Two main functions of taxation are to prevent the collapse of market and redistribute resources.

Taxation is a tool to punish or encourage economic operatives while redistribution of wealth among different social classes is a major responsibility of governments.

Using tax revenues, the government can protect vulnerable groups. Therefore, each taxation system must be evaluated against different criteria, including equity, simplicity, sustainability and policy consistency to ensure its efficiency.

According to official figures, tax revenues accounted for 8% of Iran’s gross domestic product in the fiscal 2016-17. Tax to GDP ratio stood at around 5.9% in 1971-72.

Based on the development indices of the World Bank, Iran’s tax to GDP ratio is at a very low level compared with countries with the same GDP.

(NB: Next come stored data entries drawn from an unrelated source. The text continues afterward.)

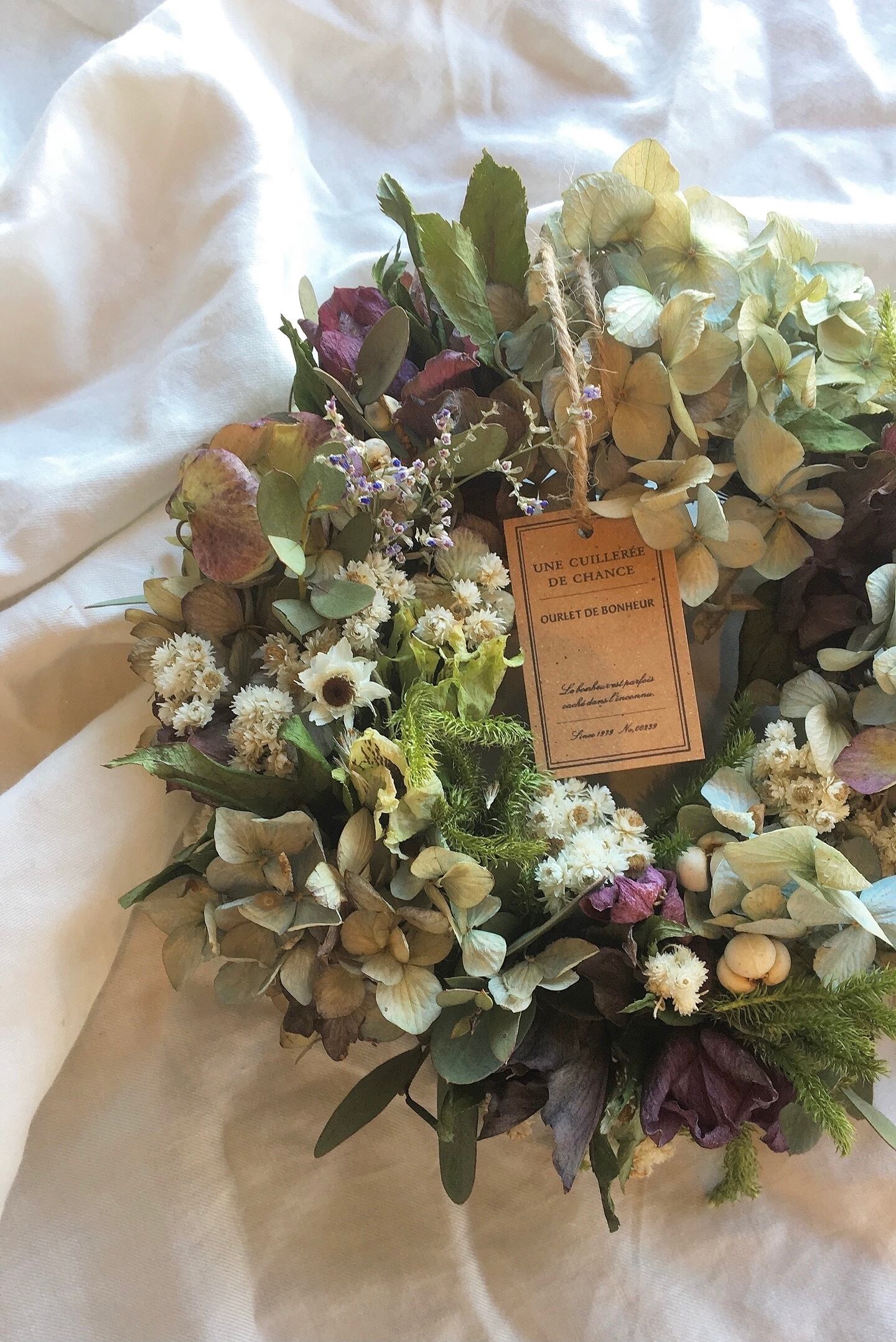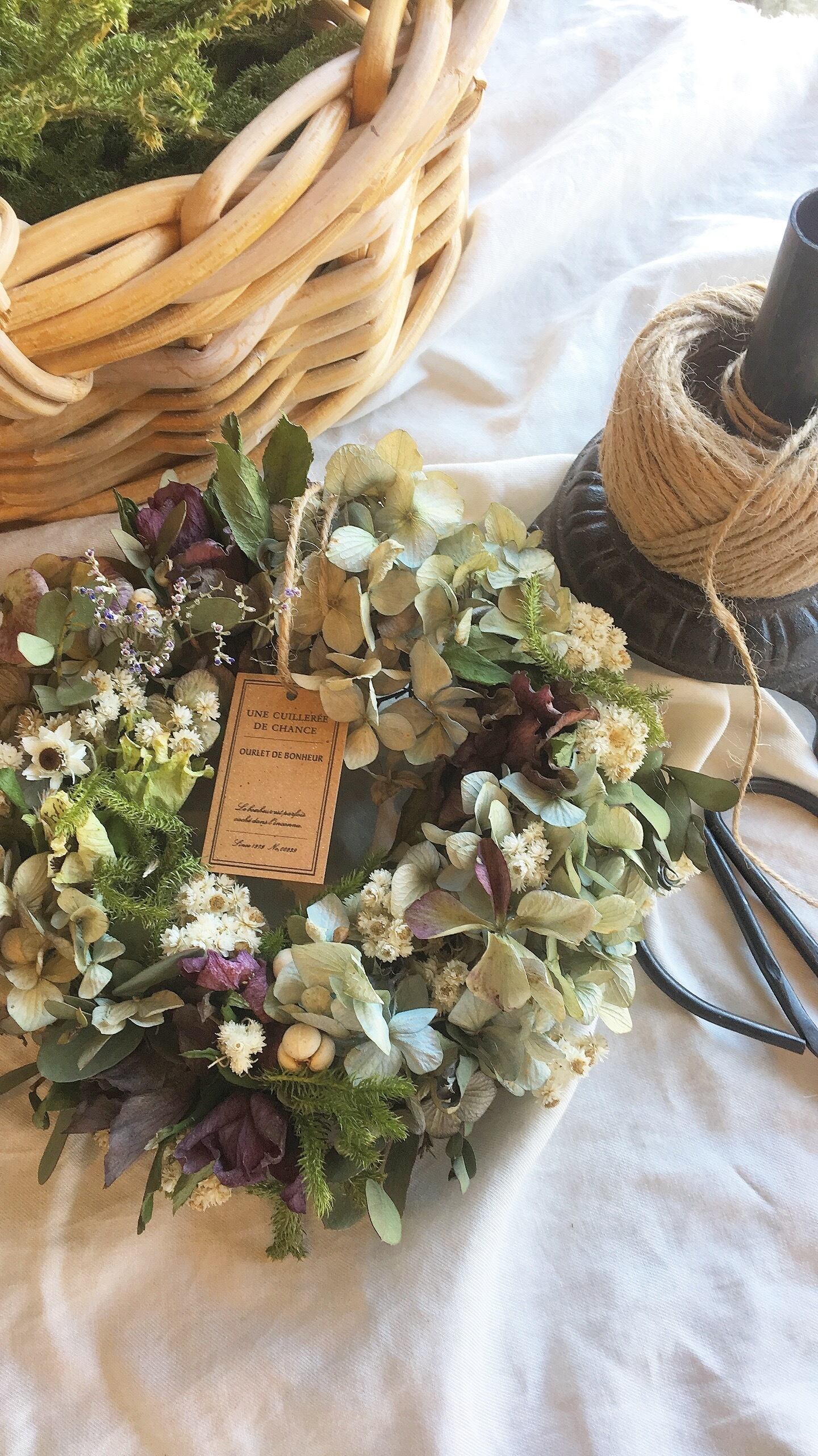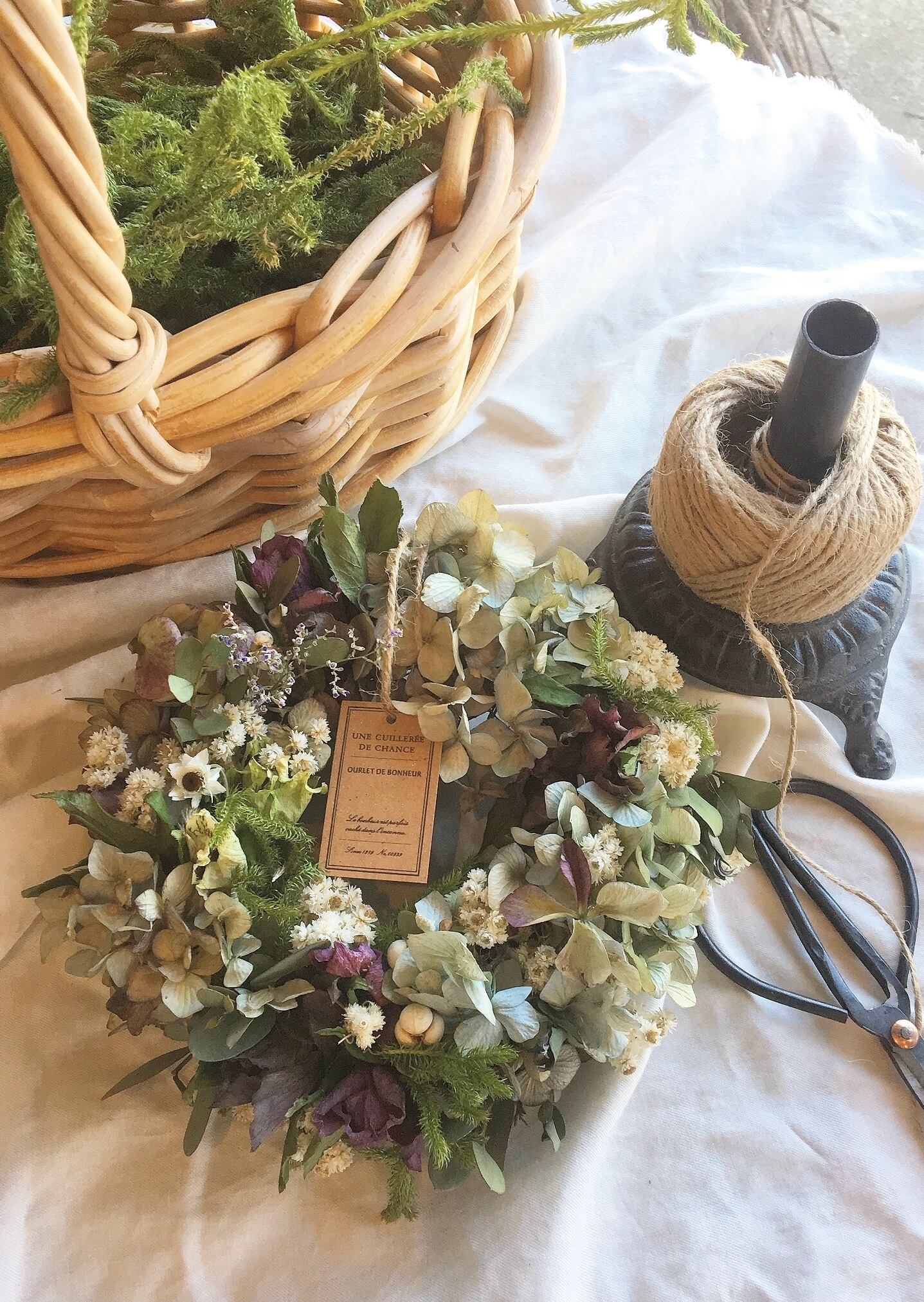 アンティークあじさいとクリスマスローズのナチュラルリース〜○ドライフラワーリース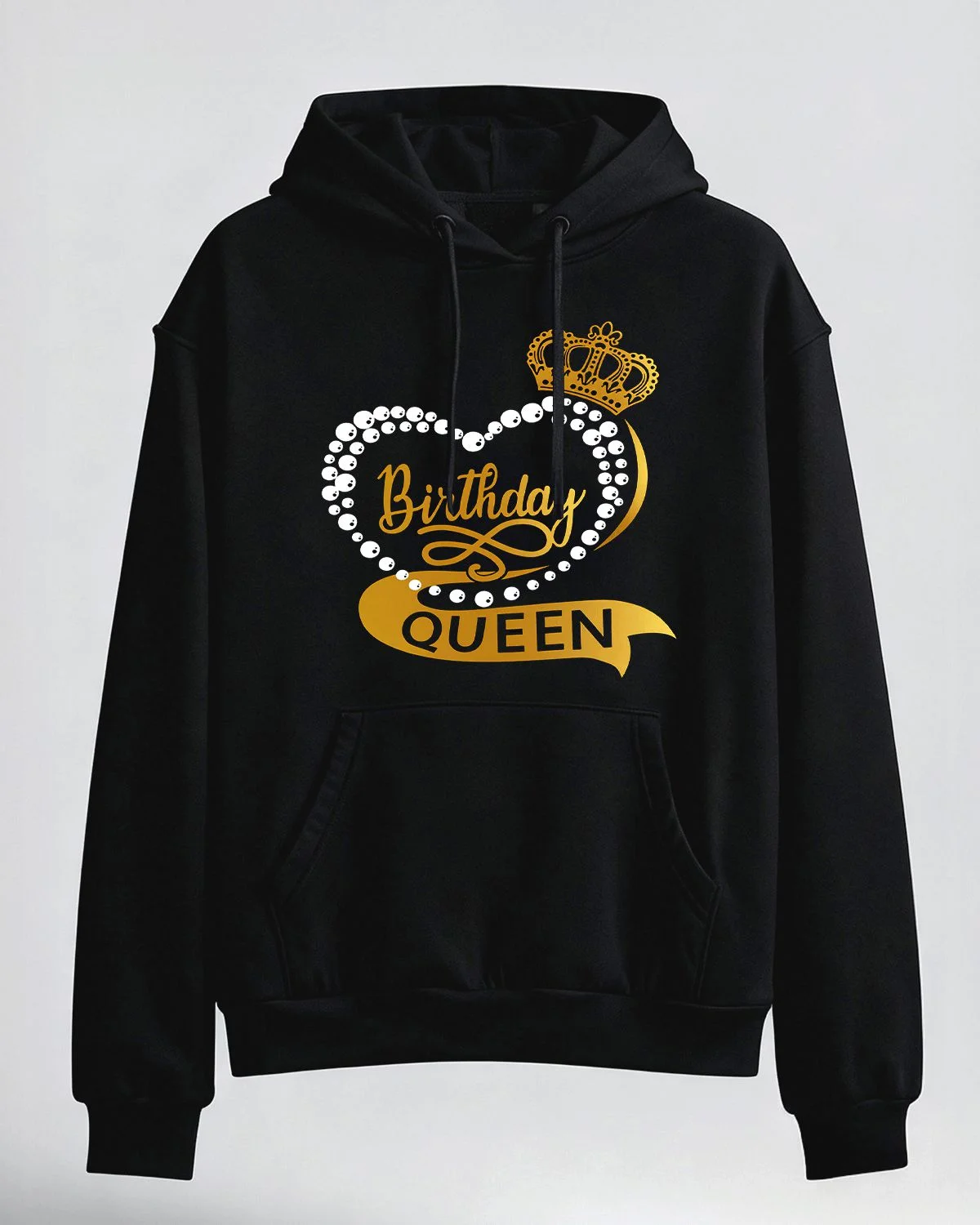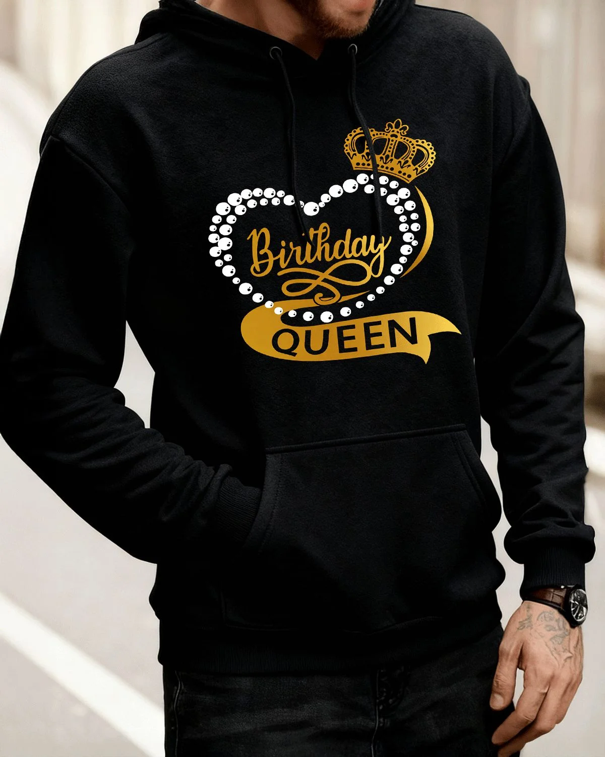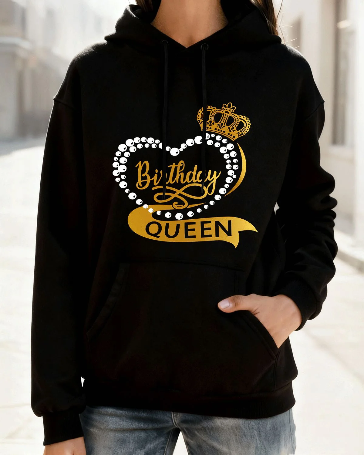 Birthday Queen Crown and Pearls Cozy Graphic Hoodie for Men and Women - Casual Chic, Long Sleeve, Soft Fabric, Comfortable Fit
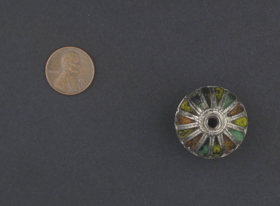 Simple but elegant, this multicolor enameled Berber pendant bead would add an attractive touch to your creative jewelry. Each bead is handcrafted and individually decorated. It measures 27mm in diameter by 25mm wide.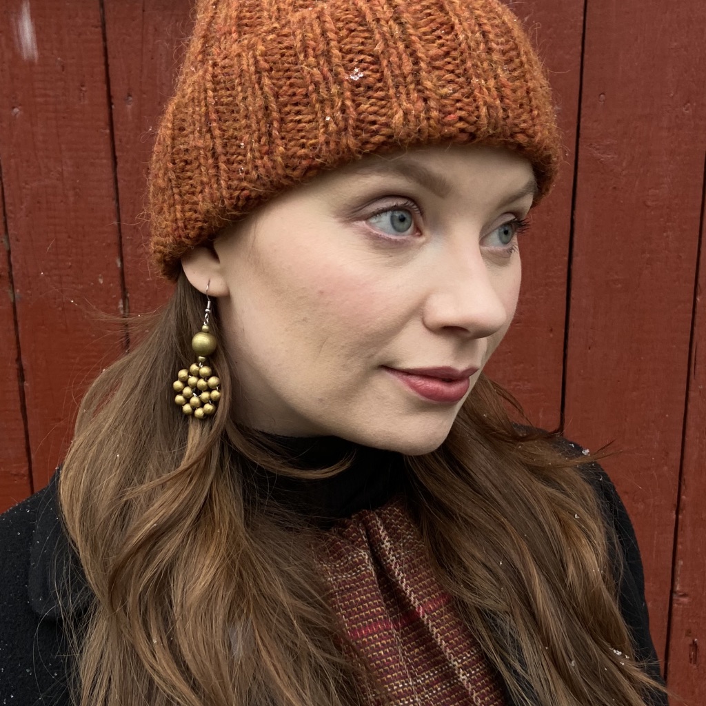 Puuhelmistä ja metallilangasta punottujen Flora-korvakorujen muoto muistuttaa kukkaa tai käpyä. Puuhelmet ovat maalattuja ja lakattuja. Korvakorujen metalliosat ovat kirurgin terästä ja koruteräslankaa. Korujen halkaisija on n. 25 mm ja Floran korkeus on n. 50 mm + koukku. Korvakorupari on kiinnitetty uusiokartonkiseen tuotelappuun.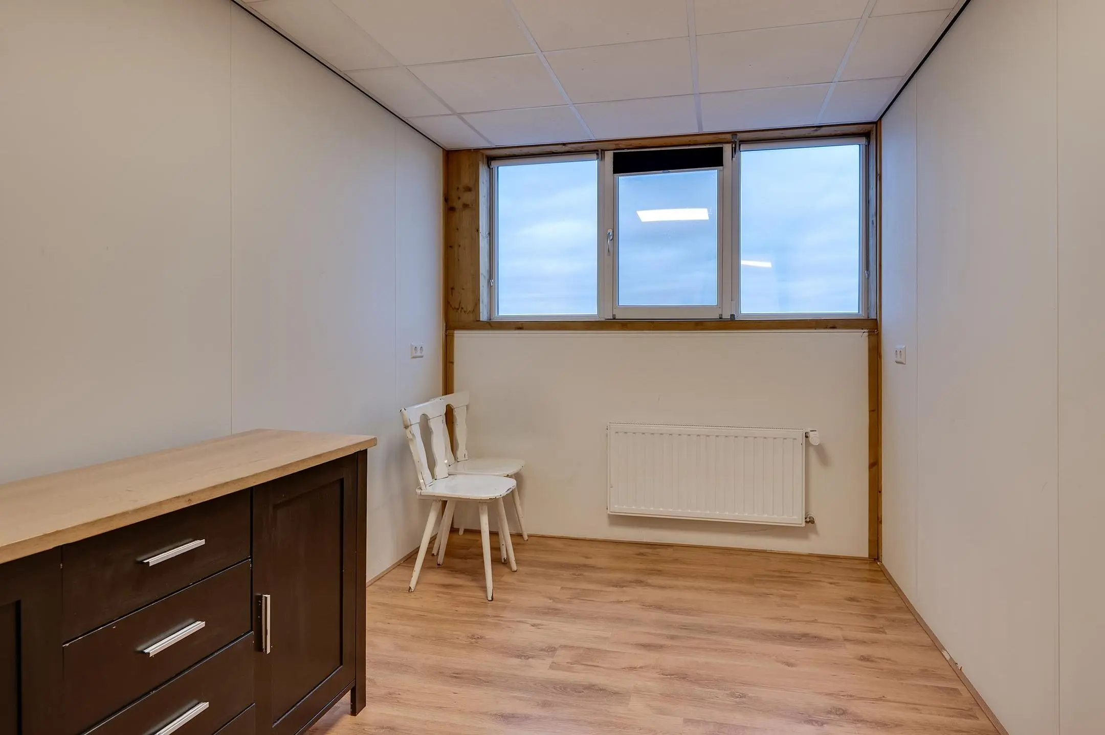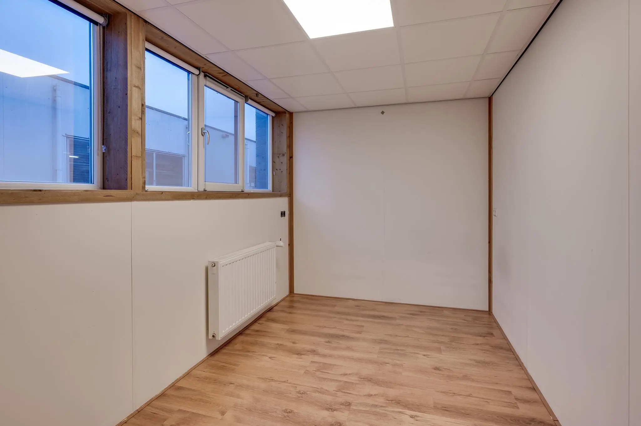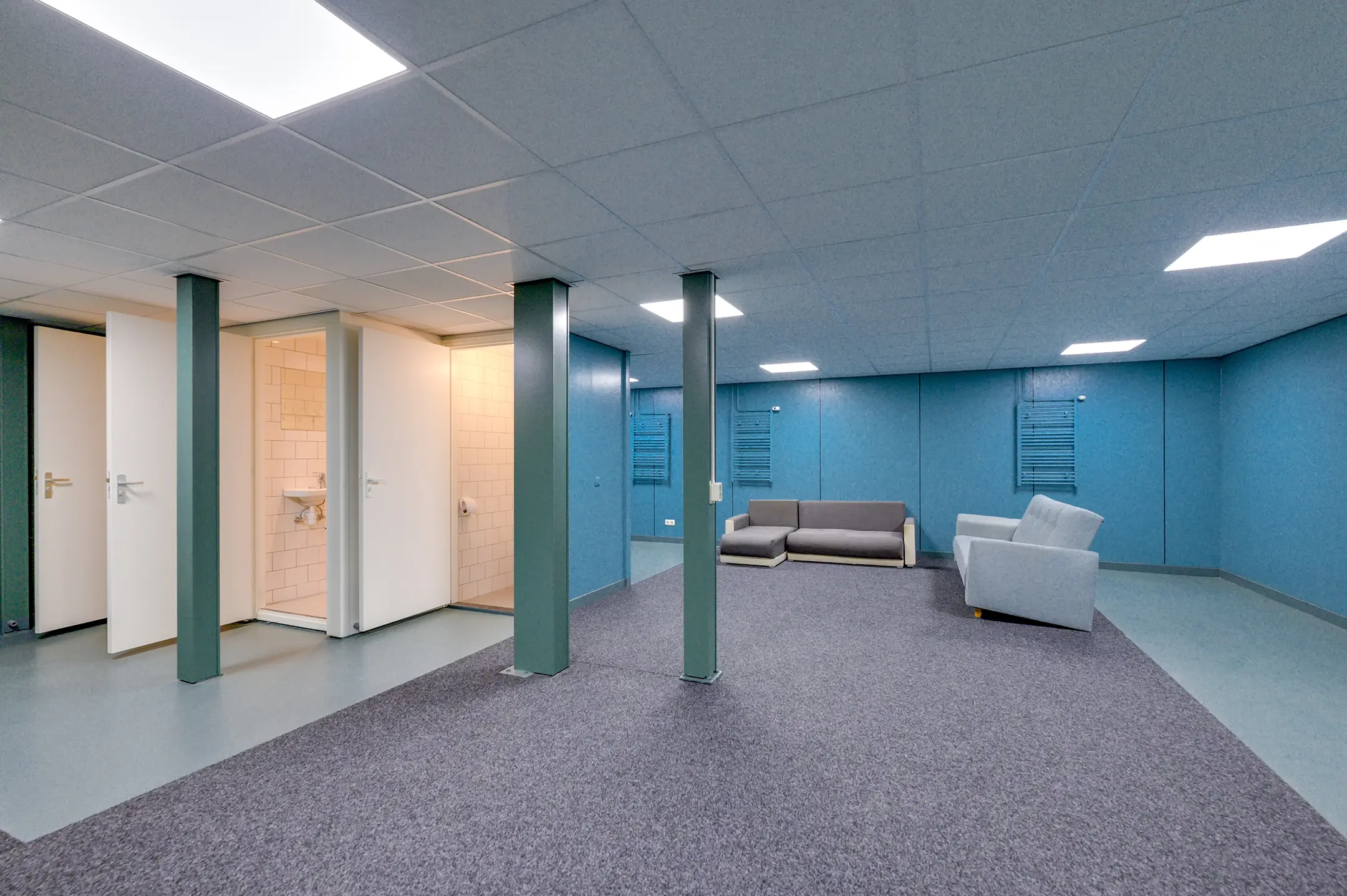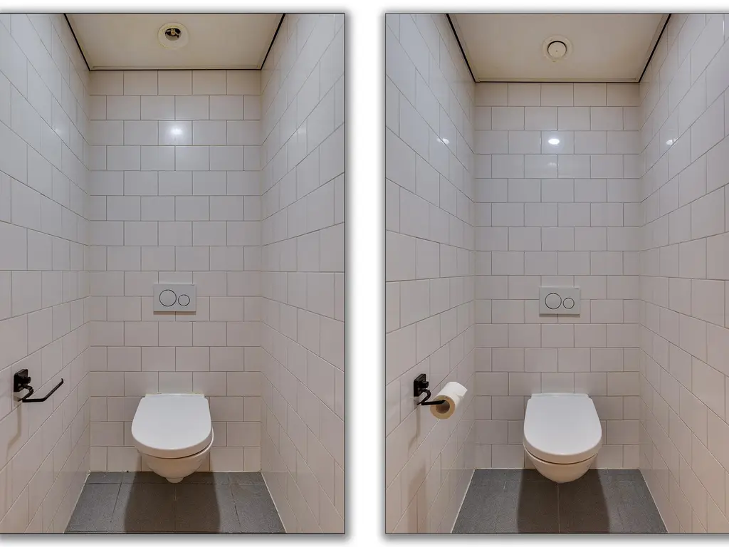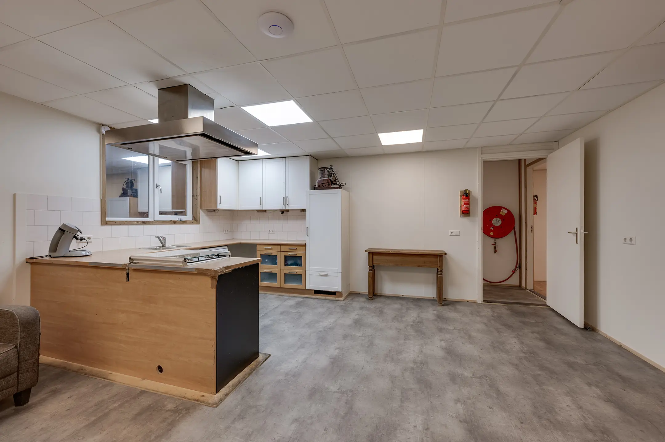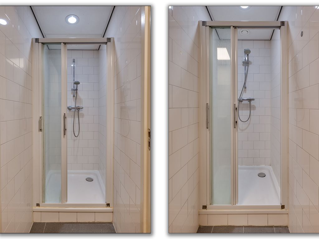 1e verdieping: overloop met zeil en toegang tot een ruime entresol. Wasruimte met laminaatvloer en 4 wasbakken. Opstelplaats CV-combiketel. Geheel betegelde doucheruimte 1 met douchecabine. Geheel betegelde doucheruimte 2 met douchecabine. Geheel betegelde toiletruimte 1 met hangend toilet. Geheel betegelde toiletruimte 2 met hangend toilet. Ruime kantine met zeil en een U-vormig keukenblok met 4-pits gaskookplaat, afzuigkap en koelkast. 8 kantoorruimten met laminaatvloer, systeemplafonds met inbouwarmaturen en radiatoren.

Value added tax accounts for the lion’s share of total tax revenues in Iran with 23.5%, as per the figures released by the Iranian National Tax Administration, followed by corporate tax and import tariff.

This is while income tax makes up the biggest share of revenues in high-income countries. Corporate (company) tax is the second top earner of such revenues in Iran.

The findings of the research also show value added tax rate in Iran needs to increase from 9% to 15% and tax exemptions should decrease from 62% to 40%. Researchers recommend that the government reduce corporate tax from 25% to 20% and raise property (real estate) tax.

It is also recommended that the share of tax revenues in GDP increase from 8% to 10% by the end of the fiscal 2021-22.

The researchers have proposed two short- and long-term solutions to boost the efficiency of taxation system in Iran.

In the short-term, they propose the elimination of tax exemptions, recommending the collection of information on taxpayers’ bank accounts and drafting a comprehensive taxation plan.

The identification of taxpayers must improve to tackle corruption and tax evasion. Needed data infrastructure and the motivational system must be designed in such a way that corruption and evasion on the part of taxman and taxpayer are minimized.

In the long-term, they believe economic policymakers should merge the country’s welfare and taxation systems as the rise in tax will improve the welfare system.

According to INTA Chairman Kamel Taqavinejad, 20% of taxpayers in Iran pay 80% of all tax while about 65% of all taxpayers are either exempt or pay less than 10 million rials ($238) in tax.

According to Chairman of Majlis Economic Commission Mohammad Reza Pour-Ebrahimi, tax evasion stands at 30-40% of total tax revenues in Iran annually.

The lawmaker said tax evasion costs the country an estimated 400 trillion rials ($9.52 billion) every year.

He said in January that a total of 70 trillion rials ($1.6 billion) were earned during the first eight months of the last fiscal year (started March 21, 2017) from newly-identified economic operators.

The Central Bank of Iran’s latest budgetary report shows that although tax revenues were estimated to hover around 1072.1 trillion rials ($25.52 billion) in the first 11 months of the last fiscal year (ended Feb. 19, 2018), they only reached 921.8 trillion rials ($21.94 billion), registering a 7.6% increase compared with the preceding year’s corresponding period.

The government’s tax revenues consist of returns from direct and indirect taxation. Direct taxes include three groups of “tax on legal entities”, “income tax” and “wealth tax”.

Overall, direct tax revenues stood at 403 trillion rials ($9.59 billion) during the 11 months, registering a decline of 4.6% YOY.

Indirect taxes, including “tax on imports” and “tax on goods and services”, reached 518.7 trillion rials ($12.35 billion), indicating a 19.5% rise YOY.

The report also shows import tariff generated 175.9 trillion rials ($4.18 billion), 23.2% more than the corresponding period of the year before while tax on goods and services earned the government 342.8 trillion rials ($8.16 billion), up 17.8% YOY.

Value added tax, which is a subcategory of tax on goods and services, increased by 20.6% to reach 224.9 trillion rials ($5.35 billion).